(Source data)
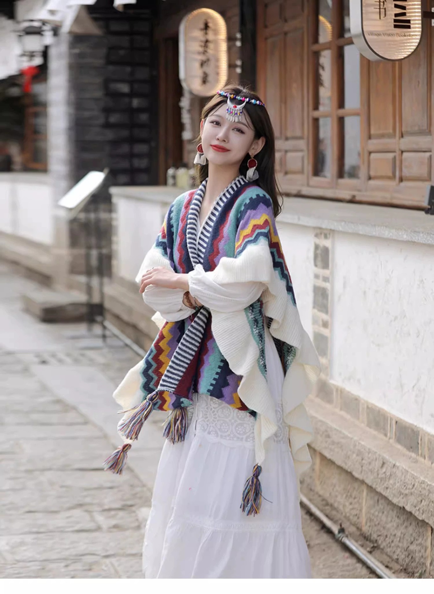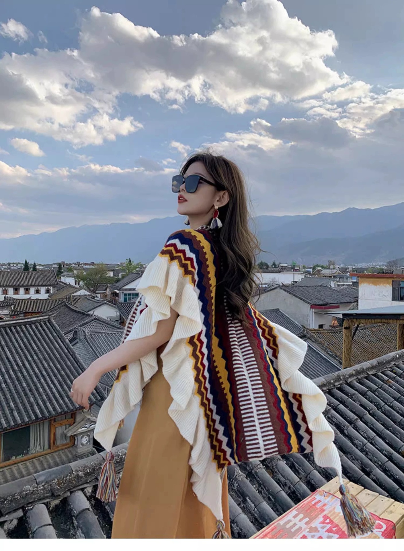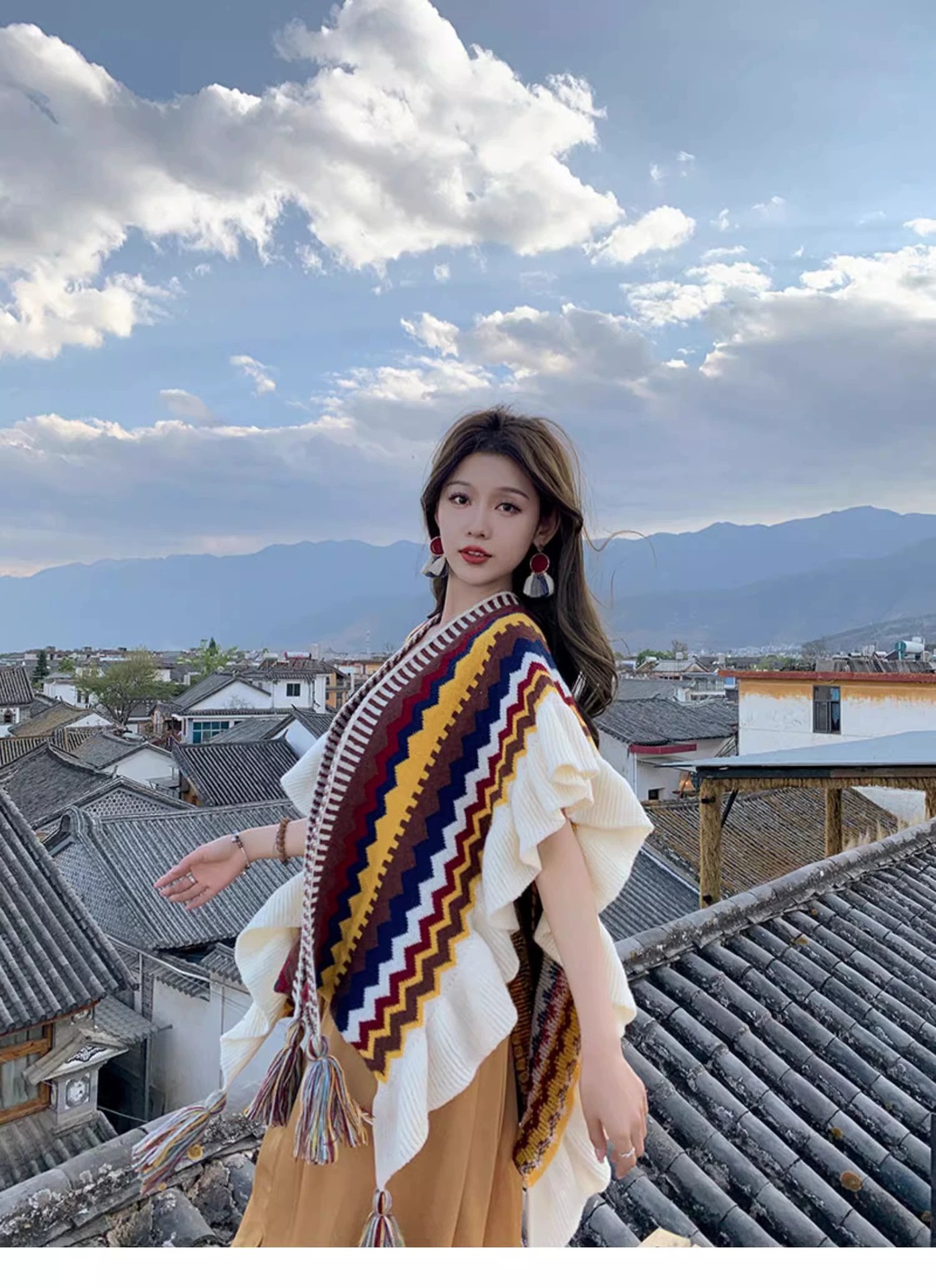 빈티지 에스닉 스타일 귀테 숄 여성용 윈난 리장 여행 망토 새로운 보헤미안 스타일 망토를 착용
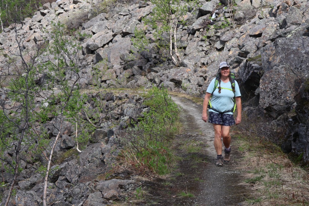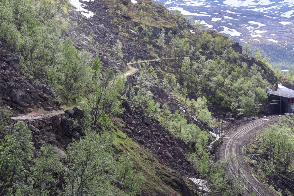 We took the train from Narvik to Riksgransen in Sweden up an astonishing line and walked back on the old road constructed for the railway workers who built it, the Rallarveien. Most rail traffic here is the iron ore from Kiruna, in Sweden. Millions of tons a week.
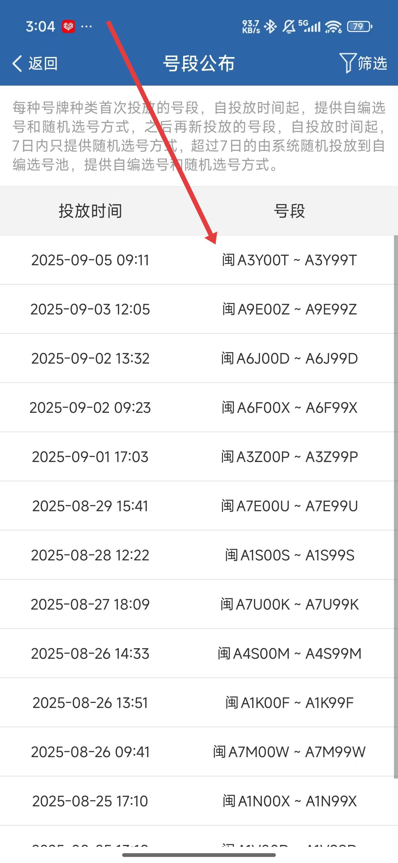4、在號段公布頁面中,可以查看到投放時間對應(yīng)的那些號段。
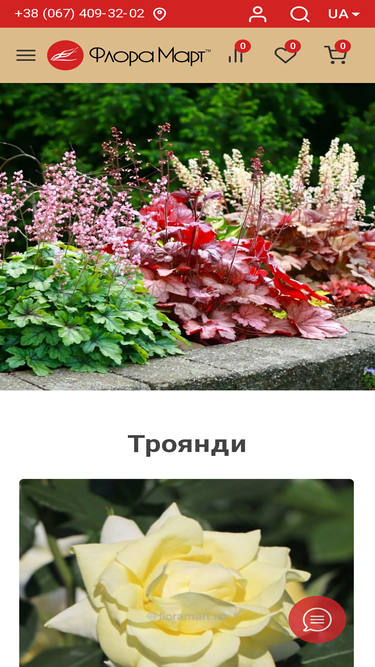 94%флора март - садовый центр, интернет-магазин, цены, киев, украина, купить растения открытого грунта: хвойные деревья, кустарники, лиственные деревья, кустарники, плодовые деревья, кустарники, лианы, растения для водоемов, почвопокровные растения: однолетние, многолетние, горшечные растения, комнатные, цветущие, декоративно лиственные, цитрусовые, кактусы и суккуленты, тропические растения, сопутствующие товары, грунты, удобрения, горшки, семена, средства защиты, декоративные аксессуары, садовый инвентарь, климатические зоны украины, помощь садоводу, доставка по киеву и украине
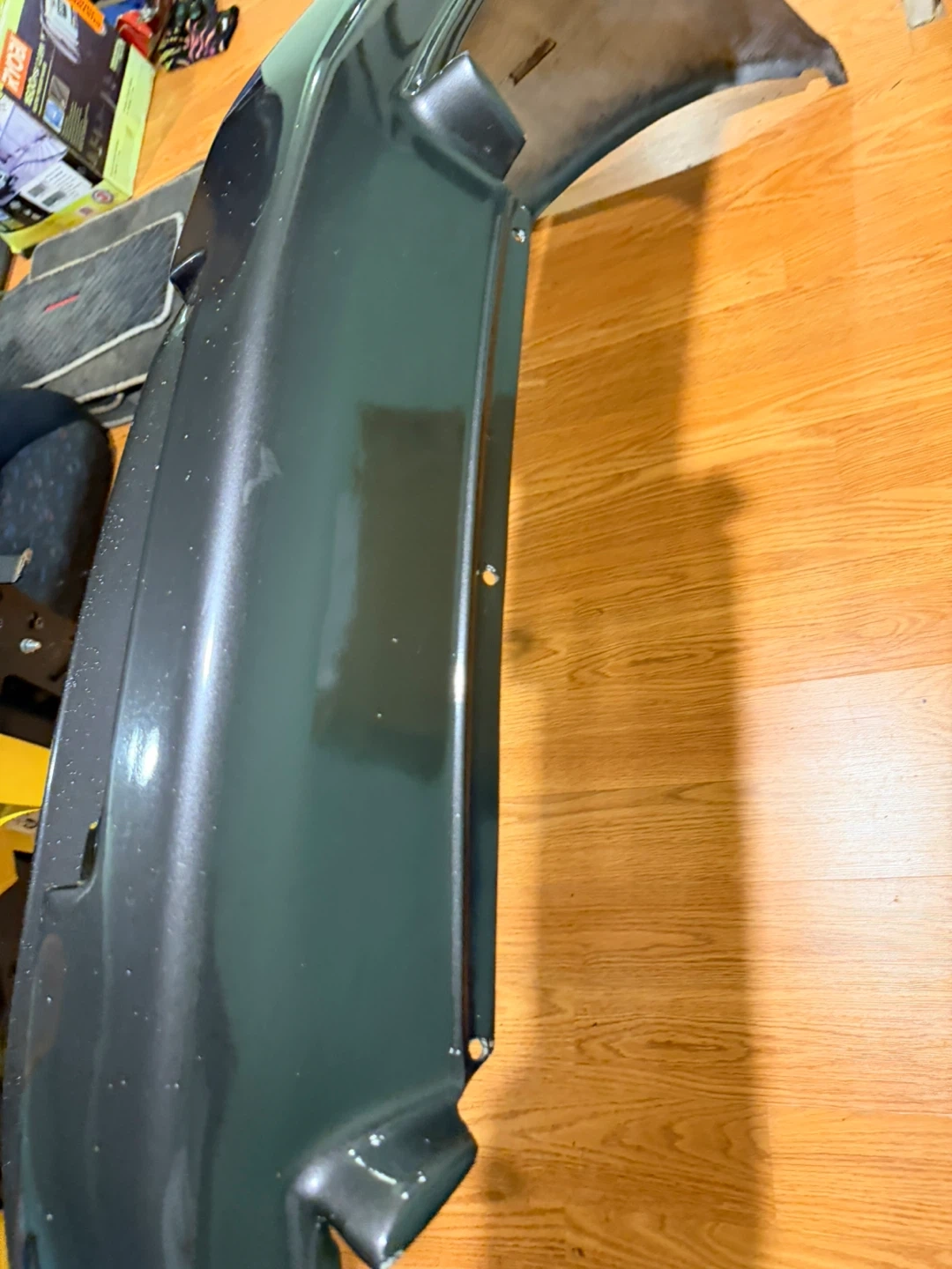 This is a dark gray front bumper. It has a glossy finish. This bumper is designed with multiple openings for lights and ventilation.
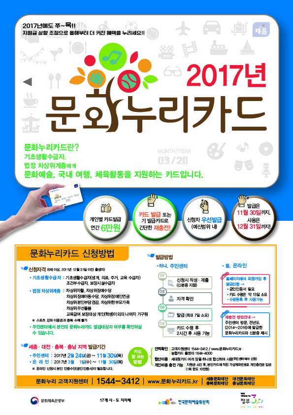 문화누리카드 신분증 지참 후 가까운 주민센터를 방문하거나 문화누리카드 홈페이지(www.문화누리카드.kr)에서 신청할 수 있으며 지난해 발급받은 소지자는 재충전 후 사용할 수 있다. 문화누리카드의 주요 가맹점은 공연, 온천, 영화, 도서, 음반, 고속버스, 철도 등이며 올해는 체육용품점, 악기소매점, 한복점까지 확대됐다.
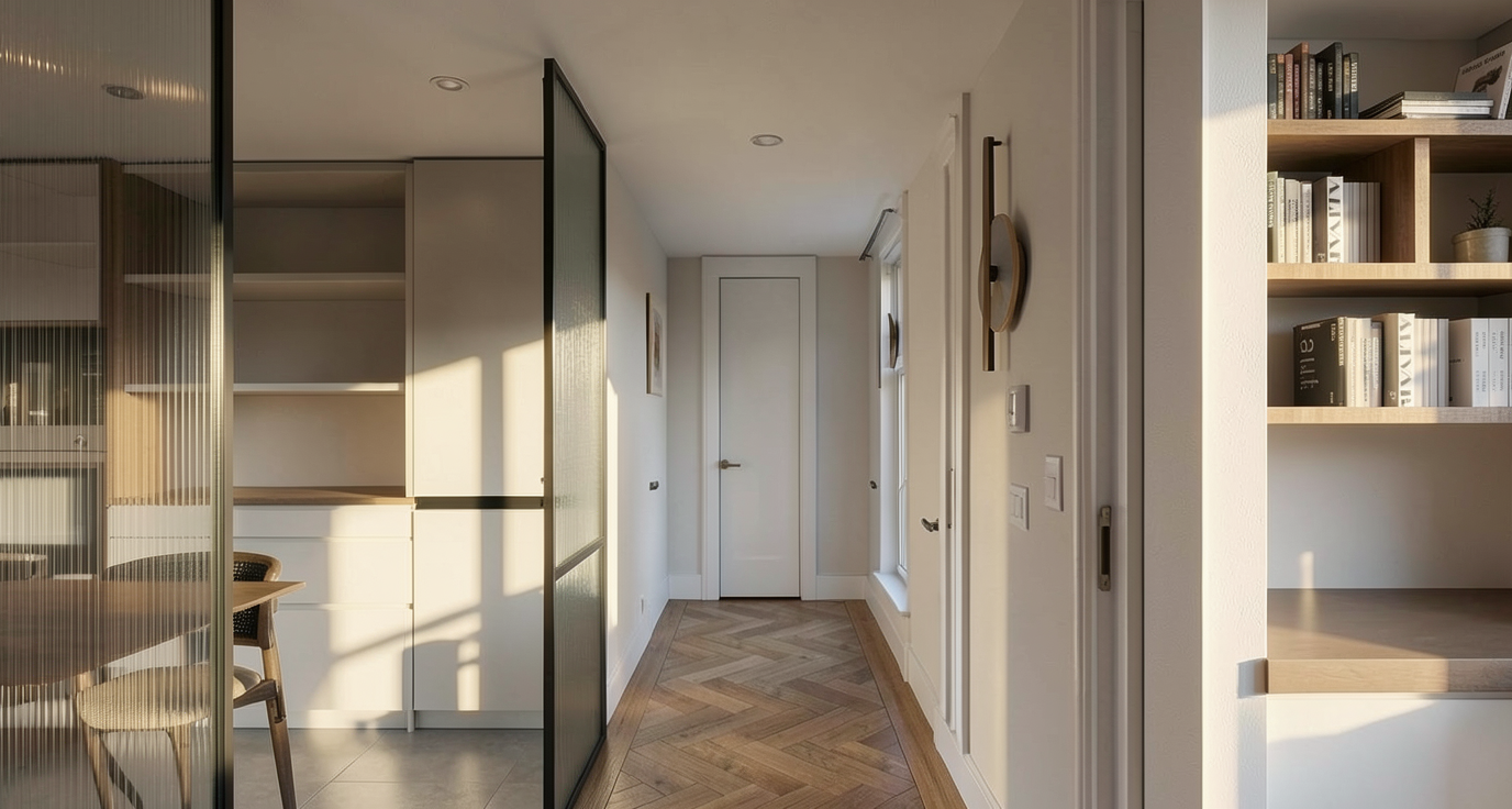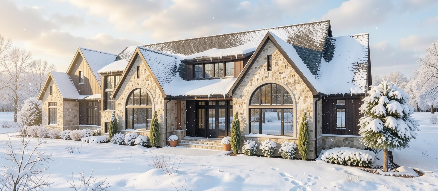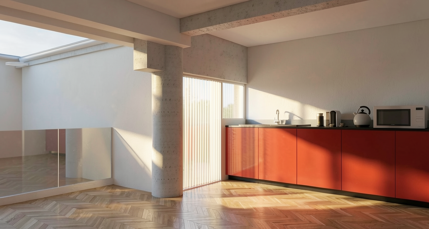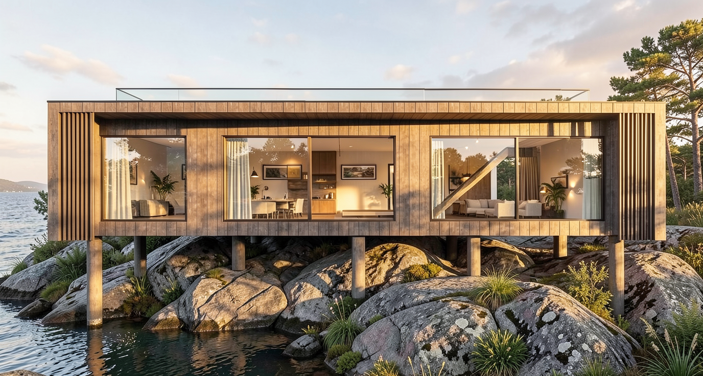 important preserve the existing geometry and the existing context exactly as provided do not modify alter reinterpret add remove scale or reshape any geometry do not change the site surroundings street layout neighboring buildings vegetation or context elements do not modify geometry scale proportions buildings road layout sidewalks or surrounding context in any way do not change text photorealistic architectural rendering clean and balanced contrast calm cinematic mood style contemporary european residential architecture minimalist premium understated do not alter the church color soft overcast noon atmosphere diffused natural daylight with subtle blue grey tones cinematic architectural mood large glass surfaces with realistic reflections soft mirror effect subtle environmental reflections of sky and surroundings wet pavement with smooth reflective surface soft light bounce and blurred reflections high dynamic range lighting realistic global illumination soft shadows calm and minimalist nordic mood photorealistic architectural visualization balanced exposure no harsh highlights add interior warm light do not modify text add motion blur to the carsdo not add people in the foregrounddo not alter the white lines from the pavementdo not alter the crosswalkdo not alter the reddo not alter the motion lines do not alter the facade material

TASK OBJECTIVE:
Set down exactly and only the lines from the start of the entries above through the line containing "This is a dark", both ends included, omitting the pictures.

EXERCISE SOLUTION:
 빈티지 에스닉 스타일 귀테 숄 여성용 윈난 리장 여행 망토 새로운 보헤미안 스타일 망토를 착용
 We took the train from Narvik to Riksgransen in Sweden up an astonishing line and walked back on the old road constructed for the railway workers who built it, the Rallarveien. Most rail traffic here is the iron ore from Kiruna, in Sweden. Millions of tons a week.
4、在號段公布頁面中,可以查看到投放時間對應(yīng)的那些號段。
 94%флора март - садовый центр, интернет-магазин, цены, киев, украина, купить растения открытого грунта: хвойные деревья, кустарники, лиственные деревья, кустарники, плодовые деревья, кустарники, лианы, растения для водоемов, почвопокровные растения: однолетние, многолетние, горшечные растения, комнатные, цветущие, декоративно лиственные, цитрусовые, кактусы и суккуленты, тропические растения, сопутствующие товары, грунты, удобрения, горшки, семена, средства защиты, декоративные аксессуары, садовый инвентарь, климатические зоны украины, помощь садоводу, доставка по киеву и украине
 This is a dark gray front bumper. It has a glossy finish. This bumper is designed with multiple openings for lights and ventilation.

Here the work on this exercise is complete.